The Declining Mental Health of Youth

07/01/2024
Featured in print Digest

This figure is a line graph titled, Share of Individuals Suffering from Despair, United States. The y-axis represents the proportion of individuals suffering from despair. It ranges from 3 percent to 9 percent, increasing in increments of one percentage point.  The x-axis is labeled age. It ranges from 18 to 70. The graph displays two lines representing levels of despair by age for two periods: 2009-2018 and 2019-2022. Both lines show considerable fluctuation. 2009-2018 line: This line reveals a general trend where the youngest individuals have the lowest levels of despair. Despair increases among older individuals, peaking around mid-life, before decreasing for the oldest age groups. Specifically, about 4% of 18-year-olds experienced despair, compared to a peak of approximately 7.5% for 53-year-olds. The level then dips back down to around 4% for 70-year-olds. 2019-2022 line: This line shows higher levels of despair for younger ages compared to the earlier period. From ages 20 to 24, despair levels range between 7.5% and 8.5%. For ages 25 to 60, there's a very slight downward trend, with levels generally ranging between 6.5% and 7.5%. After age 60, a more pronounced downward trend is observed, with approximately 5% of 70-year-olds experiencing despair. The key difference between the two periods is the higher levels of despair among younger individuals in 2019-2022, and a flatter distribution of despair across middle age groups compared to the more pronounced mid-life peak in 2009-2018. The note on the figure reads, Despair is defined as having 30 bad mental health days in the past 30 days. The source line reads, Source: Researchers’ calculations using data from Behavioral Risk Factor Surveillance System surveys from the CDC.

For many years, surveys and other evidence showed that life satisfaction, perceived financial security, sense of worthwhileness, and happiness declined in early adulthood, reached a low point in midlife, and then rose in later life. This U-shaped pattern in wellbeing was mirrored by a hump-shaped pattern for despair, psychiatric admissions, and antidepressant use that peaked in midlife. A new study by David G. Blanchflower, Alex Bryson, and Xiaowei Xu, The Declining Mental Health of the Young and the Global Disappearance of the Hump Shape in Age in Unhappiness (NBER Working Paper 32337), finds that the deterioration of mental health among young people in recent years has altered these historical patterns.

Historically, the incidence of despair peaked in midlife, but recent increases in despair among the young have replaced this pattern with a steady age-related decline.

The researchers analyze survey data from the US (1993–2022) and the UK (2009–2021) for individuals aged 18–70. They find that the proportion of individuals in the US who suffered from despair — those who reported 30 bad mental health days in the past 30 days — nearly doubled from 3.7 percent in 1993 to 7 percent in 2023, with the effect concentrated among those aged 18–24. In the UK, rates of despair for young men and women doubled, with young men’s despair surpassing that of older age groups in 2019.
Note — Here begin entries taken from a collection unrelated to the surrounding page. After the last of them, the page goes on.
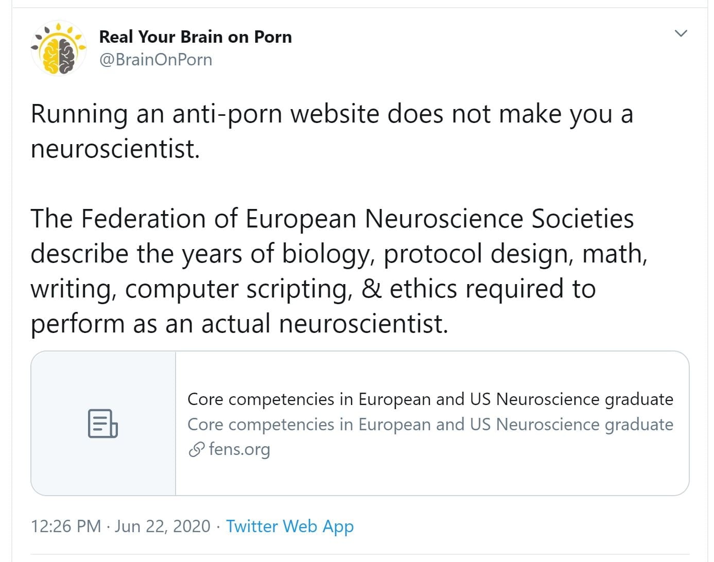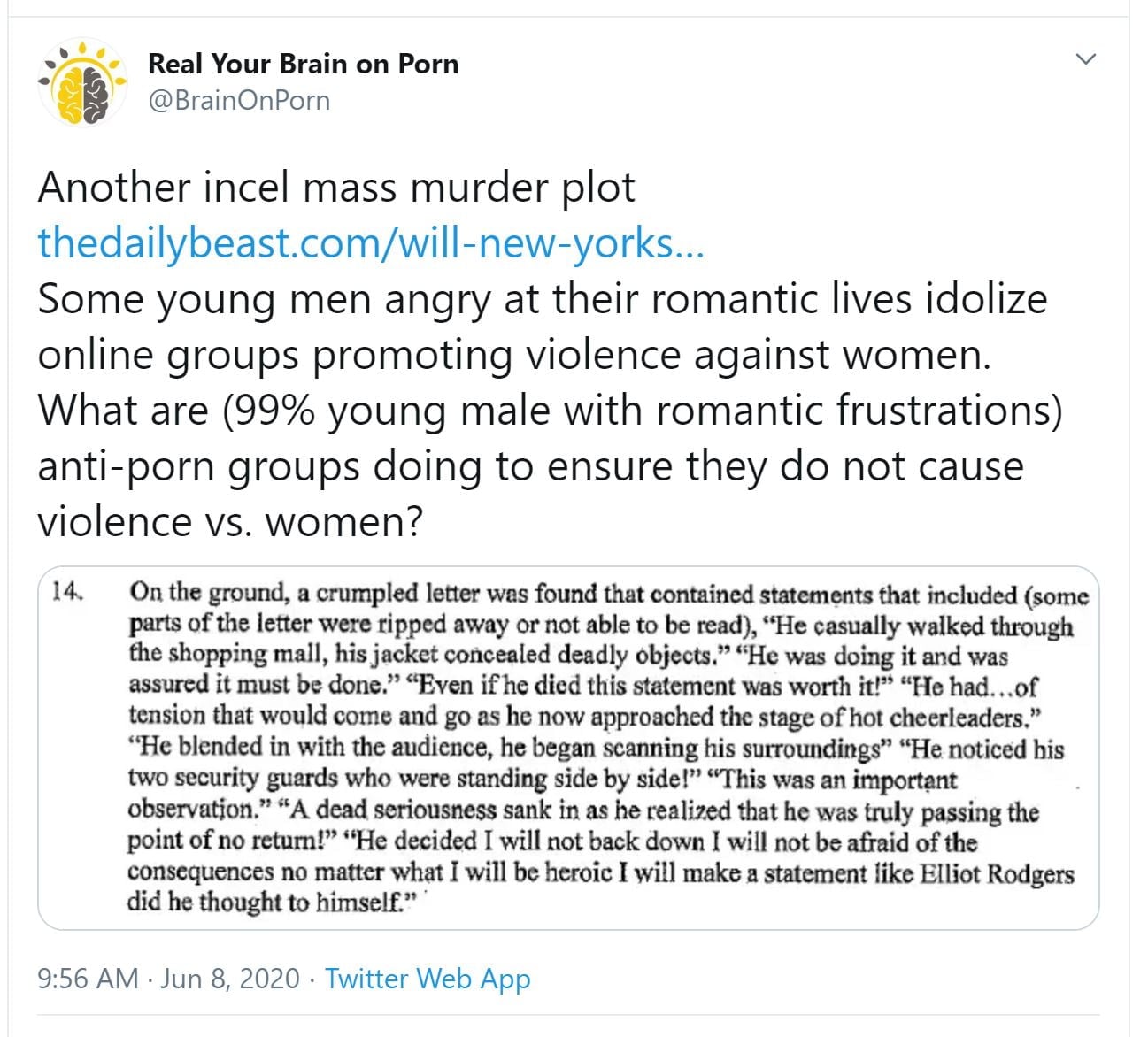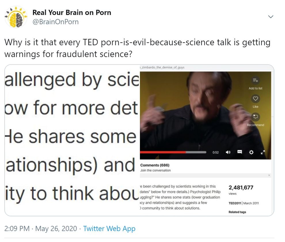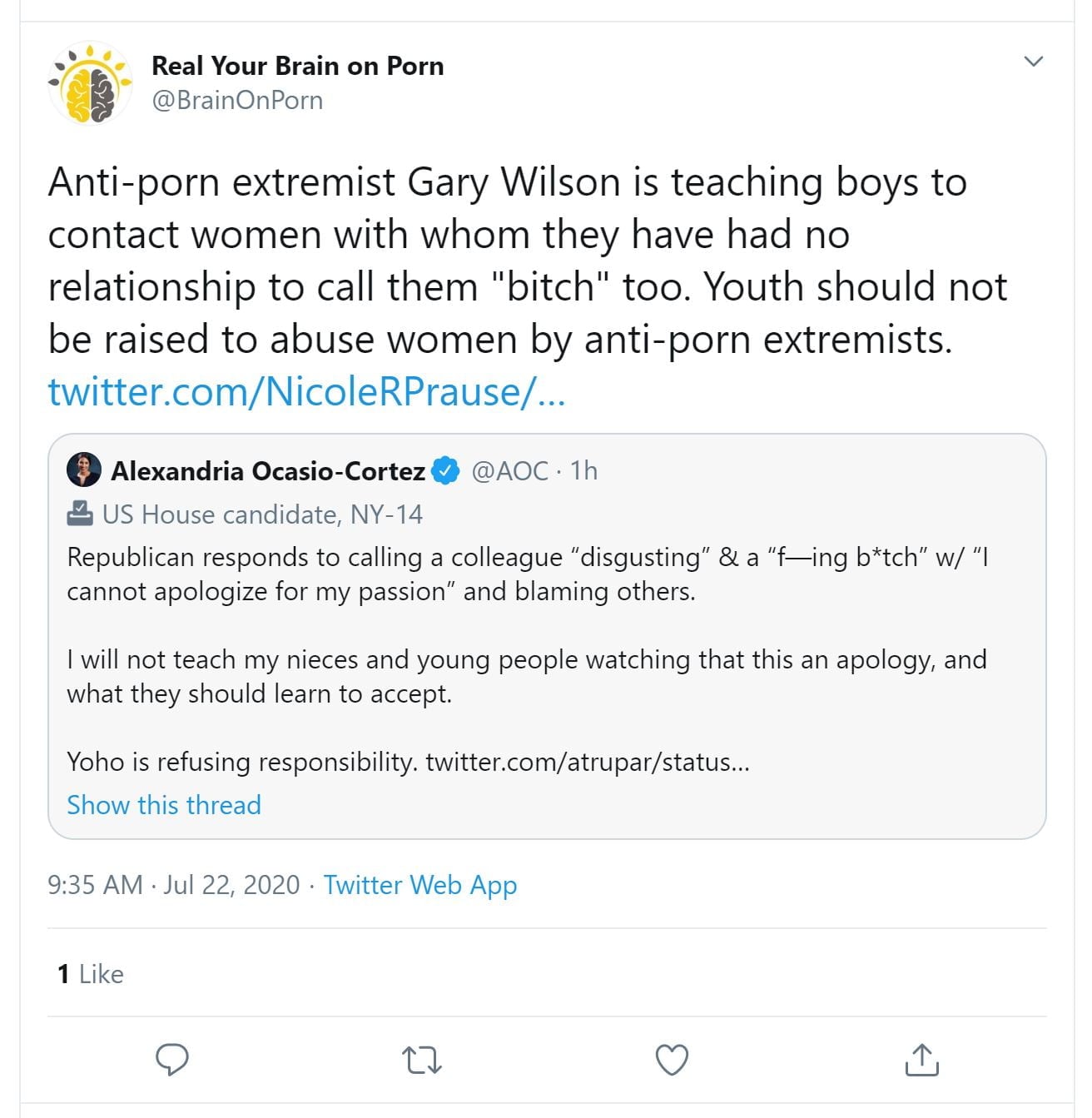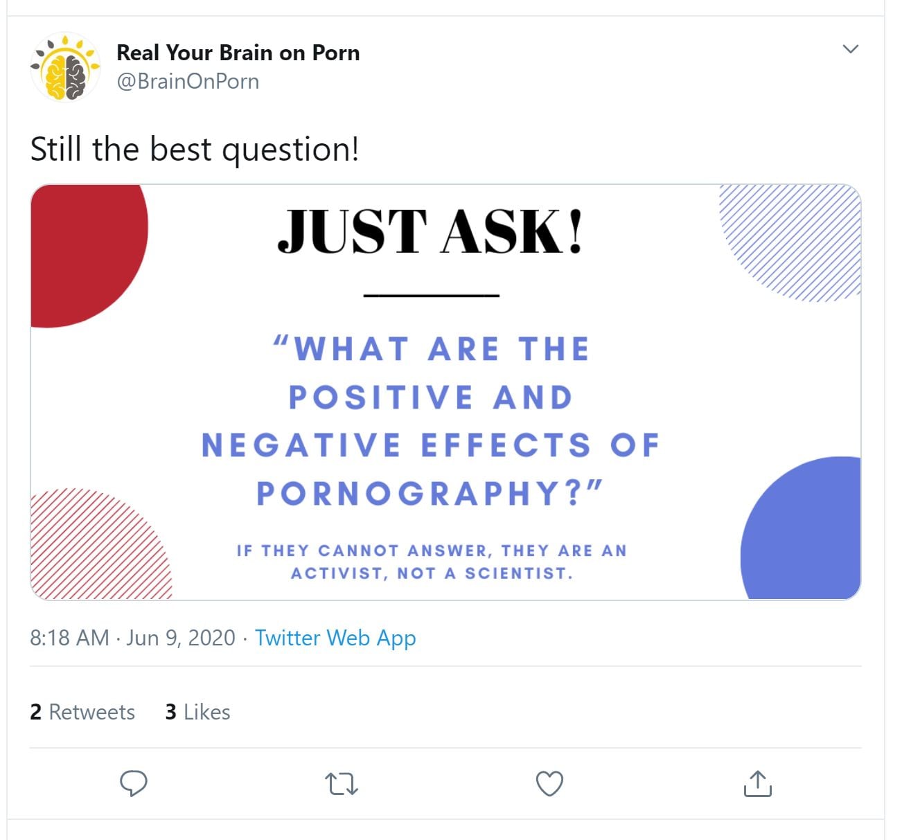 NOTE: In September, 2020 @BrainOnPorn attempted to rebrand itself as a commentary-on-YBOP account, but without commenting on the content of YBOP! Instead, Prause used Anti-Your Brain On Porn (@BrainOnPorn) solely to defame and lie about various individuals and organizations (approximately 1000 such tweets in the first 16 months of its existence). It cyberstalked my son and his mother, tweeting where they worked and lived, while defaming both in the most vile manner. @BrainOnPorn supplied no actual commentary or analysis. Many RealYBOP tweets have been omitted because they are too vile and defamatory.
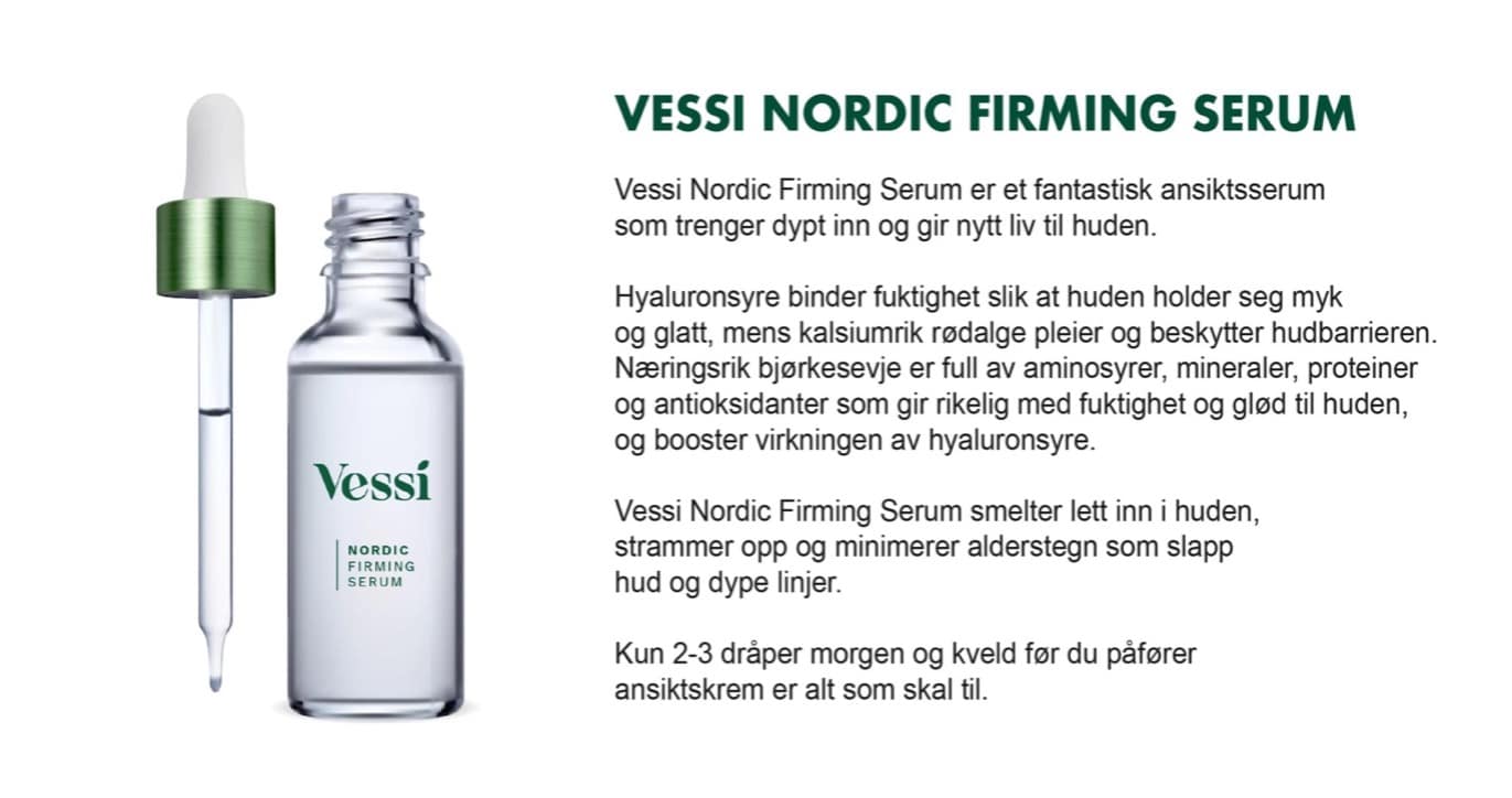 Vessi Nordic Firming Serum er udviklet i Norge og består af 97% naturlige ingredienser samt arktisk kildevand. Det er et serum, der er helt fri for skadelige kemikalier, parabener, sulfater, plastik eller ingredienser, der kan være hormonforstyrrende. Vi ved, at naturlig hudpleje er det bedste udgangspunkt for en sund og strålende hud.
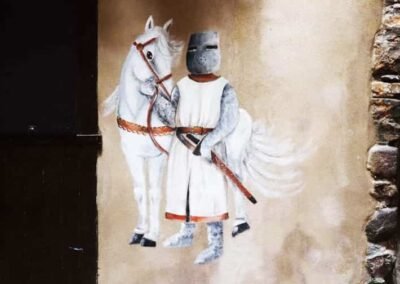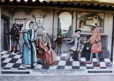 Situated just behind Dolceacqua’s medieval center, Via Monsignor Giuseppe Laura traces a discreet yet meaningful path parallel to the Nervia River, combining everyday life with subtle charm. This street is a local microcosm, hosting familiar neighbourhood touches, from a cosy Crep’Monet cafe-bar offering crepes and spritz with views overlooking the village, to small shops and airy walkways that echo Dolceacqua’s relaxed pace. A particularly distinctive feature along the street is the Fontana del Rossese. Though it doesn’t dispense wine, this imaginative fountain presents water with a reddish hue, a playful nod to Dolceacqua’s celebrated Rossese wine. It stands near the symbolic Gombo monument, together representing the area’s agricultural heritage, especially its wine and olive oil traditions.
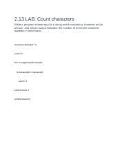 [Solved] 2.13 LAB Count characters Write a program whose input is a
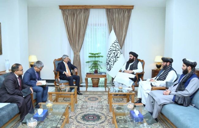 د ا.ا.ا. د بهرنیو چارو وزیر مولوي امیر خان متقي سره د هند جمهوریت ځانګړي استازي ښاغلي جي پي سنګ وکتل.
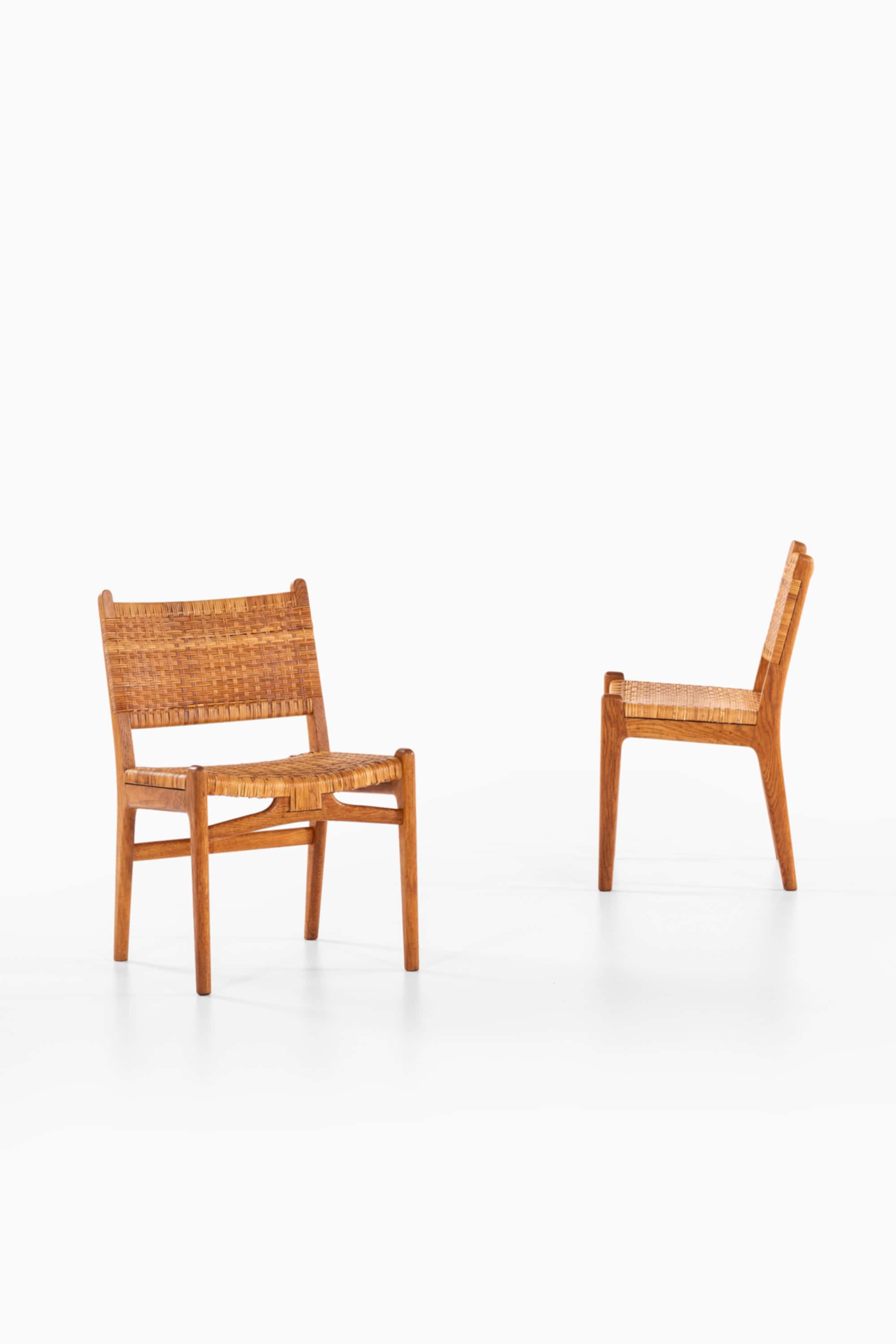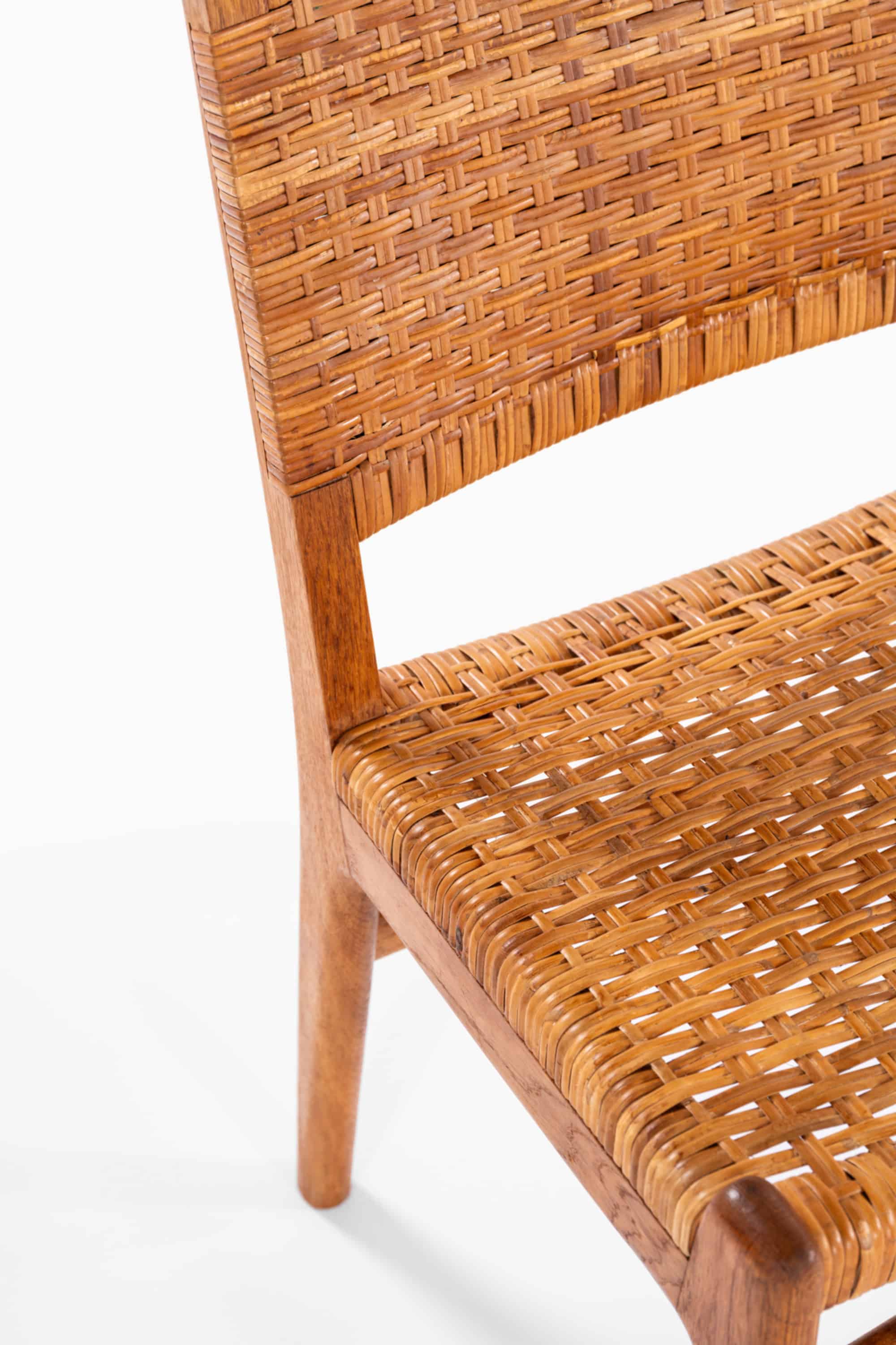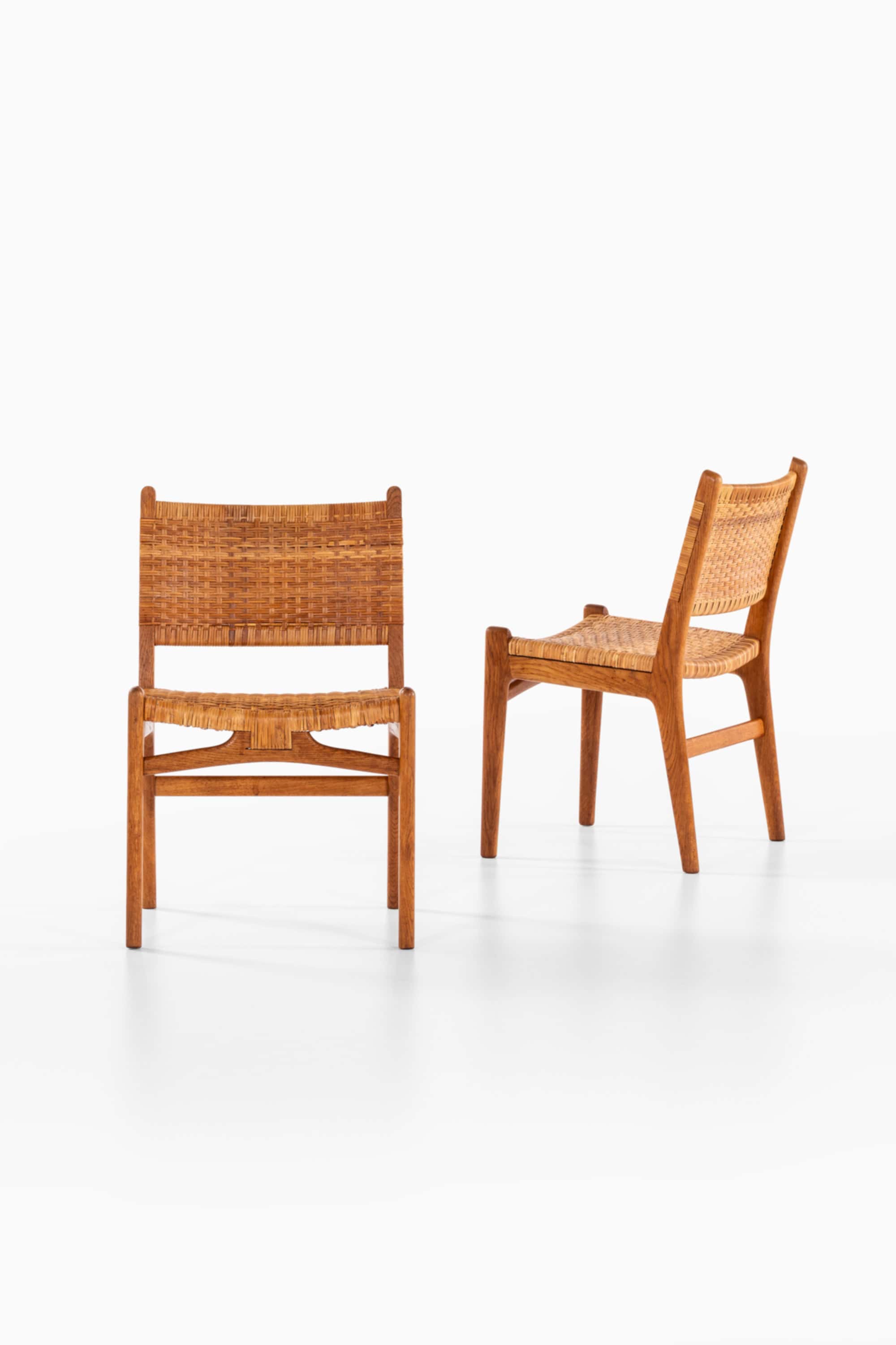 The seats and backrests are executed in handwoven cane, arranged in a tight, uniform pattern that provides both flexibility and support. The backrest is slightly curved, offering a gentle ergonomic contour, while the seat has a modest concave shaping that enhances comfort. The woven surfaces introduce a tactile contrast to the smooth oak frame and create a visually dynamic interplay of texture and light.
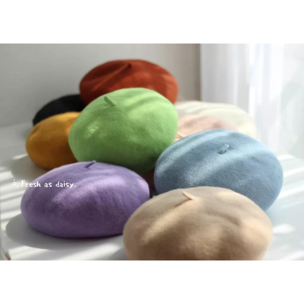|春日醒|多色鳥💫新款日系少女甜美復古清新羊毛貝雷帽畫家帽女秋冬纯色羊毛混紡百搭英倫

The hump-shaped pattern of despair across an individual’s lifespan was evident in both the US and the UK from 2009 to 2018. However, this pattern appears to have shifted after 2018, replaced by a decline in despair with age driven by gradually rising despair levels since 2011 among those under 45, particularly those in their mid-20s. The COVID-19 pandemic exacerbated the effects, particularly in the UK where young people experienced worse mental health outcomes due to lockdowns and increased social isolation.

Expanding their analysis to 34 countries from 2020 to 2023 using data from the Global Mind Project, the researchers find that the hump-shaped pattern of despair has disappeared globally as well. In 2023, 27 percent of individuals were “distressed and struggling” with their mental health. Worldwide, the mental health of young women under 25 is worse than that of young men. The researchers also find that mental health is worse among the less educated, women, the unemployed, and those unable to work.

Potential explanations for the decline in mental wellbeing among young people include the effects of the Great Recession on new cohorts entering the labor market, the underfunding of mental health services, and the impact of smartphones on young people’s self-perceptions and social comparisons.

— Leonardo Vasquez


The researchers thank the United Nations for financial support.